June 29, 2004

The US has expelled two Iranian security guards with Tehran's mission to the UN, after the two were caught repeatedly taking video of the New York subway line.

According to the U.S. official, the first photographing incident took place in June 2002, the second in November 2003, and the third occurred recently, the official said.

New York Police Commissioner Raymond Kelly said in November that two Iranian citizens were questioned while taking video images of the subway tracks on the No. 7 line in Queens.

He said the two men, stopped by a transit officer, claimed diplomatic immunity and were ultimately not charged with any wrongdoing. The commissioner declined to label their behavior suspicious, but called it "unusual."

Unusual, indeed. What could this have been about? Espionage, yes, but to what ends? Who knows. It's a bit unsettling this has been going on since 2002. It would seem that if what they were up to was harmless, it could have all been cleared up with a brief conversation and they would not need to bother to claim diplomatic immunity.

Meantime, this other story on Iran is also disturbing. Essentially, the US is accusing Iran of having used one now-razed Tehran site, Lavizan, for nuclear research. Iran says, it was being used for "military research & development." That sounds a bit ambiguous, doesn't it? From Agence France Press:

"Our inspectors went yesterday to Lavizan (the suspect site). The Iranians said it was a former R and D military site," International Atomic Energy Agency director general ElBaradei told reporters...

The Iranians said the site "was used as a physics institute and later on for biotechnology R and D ... for medicine," ElBaradei said.

Suspicion has surrounded the site since satellite images from a US commercial firm showed that buildings which had been there in August had been razed to the ground by March and that topsoil had been taken away.

The Washington think tank the Institute for Science and International Security(ISIS) said on its website that this set alarm bells ringing "because it is the type of measure Iran would need to take if it was trying to defeat the powerful environmental sampling capabilities of IAEA inspectors."

"I have to wonder if it is the whole story, particularly since they took down all the buildings and razed the site," ISIS scientist David Albright told AFP Tuesday, referring to Iran's claim there was no weapons work in Lavizan.

"Their declaration is rather vague and looks like it covers all the bases.

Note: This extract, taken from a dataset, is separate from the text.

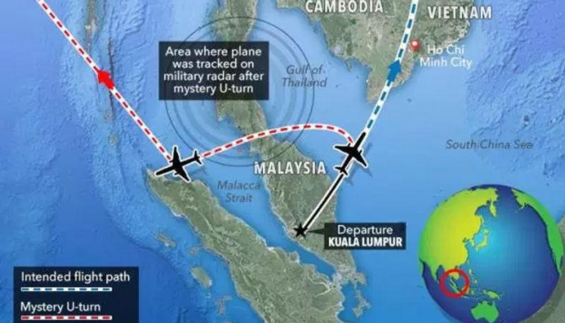 സ്ട്രൈറ്റ് ഓഫ് മല്ലാക്കയ്ക്ക് മുകളിലൂടെ തെക്കുപടിഞ്ഞാറെ ദിശയിലേക്ക് പറന്ന ശേഷം, വിമാനം അവസാനമായി ഒന്ന് തിരിഞ്ഞ് തെക്കോട്ട് പോവുന്നു. ഇങ്ങനെ തിരിഞ്ഞു എന്നതും, തുടർന്ന് ആ വിമാനം പോയ വഴിയും ഉപഗ്രഹവുമായി വിമാനം നടത്തിയ സമ്പർക്കത്തിൽ നിന്നും വിശകലനം ചെയ്തു കണ്ടെത്തിയതാണ്.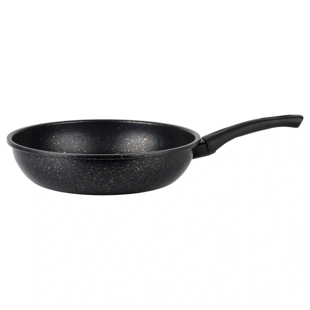 Praktische granieten koekenpan met een diameter van 24 cm uit de Basic Line met een antiaanbaklaag voor koken met minimaal vet, snelle en gelijkmatige bakresultaten en comfortabele grip dankzij de ergonomische handgreep. Geschikt voor gas-, elektrische en keramische kookplaten (niet geschikt voor inductie) en vaatwasmachinebestendig.

Medical research has to be mentioned" to explain whole body count machines found at the site, machines which measure radiation contamination, he said.

Remember, Albright was not one of those crying wolf about Iraq's nuclear program before the war. Indeed, he was among the most skeptical about the administration's claims regarding Iraq's nuclear program, particularly, the aluminum tubes claim. Here, Albright indicates more reasons to be concerned.

MORE: More from Albright speaking on Mid East WMD proliferation at the Washington Institute for Near East Policy this past week.

UPDATE: Spencer Ackerman notices, that apparently we almost went to war with Iran last July. Isn't it a bit hard to believe that with thousands of international war correspondents all over Iraq last summer, and tens of thousands of troops, humanitarians, and others in the area, that somehow no one reported this til now?